In the chapter taking its thread from a bucket of peaches, much is made, as it should be, of Adelaide as a city of productive gardens and lemon trees, and much more of Adelaide’s heat; a heat that produces a ‘thirsty, antiseptic dryness’. Much is also made of the erroneous comparison of Adelaide to a version of a Mediterranean climatic idyll, rather than to its true latitudinal brothers such as Tangier. Like many people who returned over and over again to the biennial Adelaide Festival (soon to be annual), I revelled in the lack of humidity and will forever, happily, connect the festival with unrelentingly, shimmeringly, hot, dry days. Now that I live and garden south of Adelaide, I prepare for the summer as though for a siege, and battle through the first months of the year.
The Adelaide-based writer Peter Goldsworthy (not related to Kerryn) calls McLaren Vale ‘the south wing of paradise’. Is McLaren Vale a part of Adelaide? And if it is, why not also write about the north and the purgatorial slippage of the utopian satellite town of Elizabeth? Both Goldsworthys agree about McLaren Vale, but this resident does not. The triumvirate of grape, olive, and almond here is dominated by the grape, and the vistas are relentlessly mono-agricultural. With the glut of wine came recent land sales and the quick profit of housing estates, which, if the local council had had more environmental and aesthetic gumption, would not be the abject scars they are. This land should surely be used to grow food rather than for wine or quarter-acre-block housing.
Goldsworthy admits in the book to having to battle colleagues and friends over her emphasis on the pink shorts, and, fine writer that she is, she defends herself well. The pink shorts were, of course, those worn to parliament by Premier Don Dunstan in November 1972. The conundrum that is Dunstan is also that of Adelaide: entrenched, privileged conservatism that sometimes welcomes inspired liberalism. Dunstan implemented constitutional reform, workplace reforms, instigated changes in laws relating to the consumption of alcohol (thus improving the quality of life he so cared about). Homosexuality was decriminalised; rape within marriage was made a crime. He set up the first-ever legislation about Aboriginal land rights. He did so much more. But he wore pink shorts to parliament (making a very sensible, sartorial point about climate), and the pink shorts are what everyone seems to remember.

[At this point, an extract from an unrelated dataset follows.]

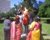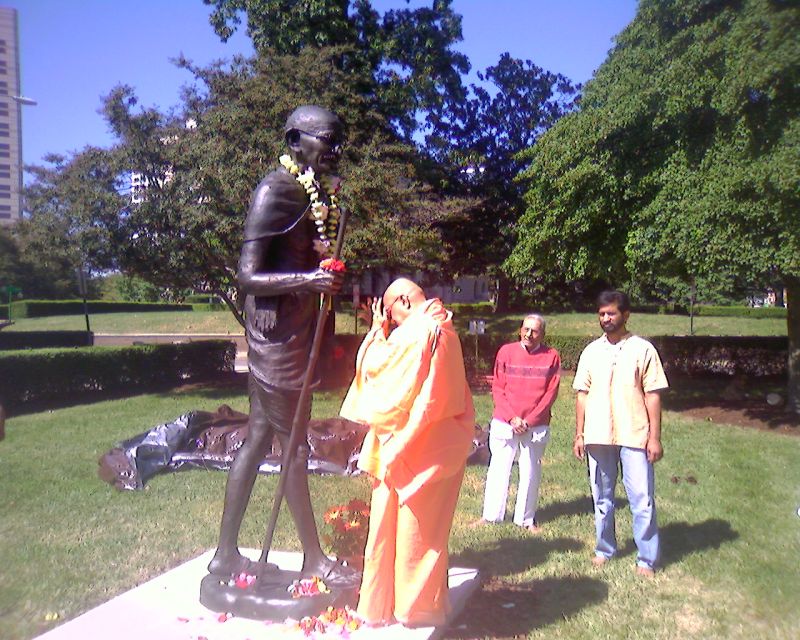 Charlotte, North Carolina (Sept 29, 2008 - Oct 1, 2008)Upon sincere and loving invitation of Smt. Bhavani Sarkar, Sri Swamiji arrived at Charlotte on Sept 29th. It was a Navaratri worship time. During His stay at Charlotte, Swamiji conducted Durga pooja, Sri Satyanaryan pooja and satsang at various devotees' homes. Charlotte Indian association was to unveil the statue of Pujya Mahatama Gandhiji on Sunday, Oct 5th. But as, October 2nd happened to be Revered Gandhi Bapuji's actual birth date , before leaving charlotte Sri Swami Adhyatmandaji Maharaj worshiped Bapuji and conducted all religion prayer, which gave him heart content of peace & joy, because each year Swamiji leads all religion prayers at Gandhi Ashram, Sabaramati (Ahmedabad)

I wonder if Goldsworthy, in using her chosen icons, has inadvertently defined Adelaide as the sum of small things. Or is she, perhaps, being politely, affectionately subversive? To be able to encapsulate a city through a finite litany of names, companies, and iconic objects is, in part, to emasculate that city and reveal its niggling inferiority complex. That said, in her lovely closing paragraphs, Goldsworthy champions the sense of a space filled by the ‘living body’, giving back to the city its sovereign, living legitimacy.
Whatever her motives, Kerryn Goldsworthy has achieved something somehow larger than the small capital city that she set out to explain.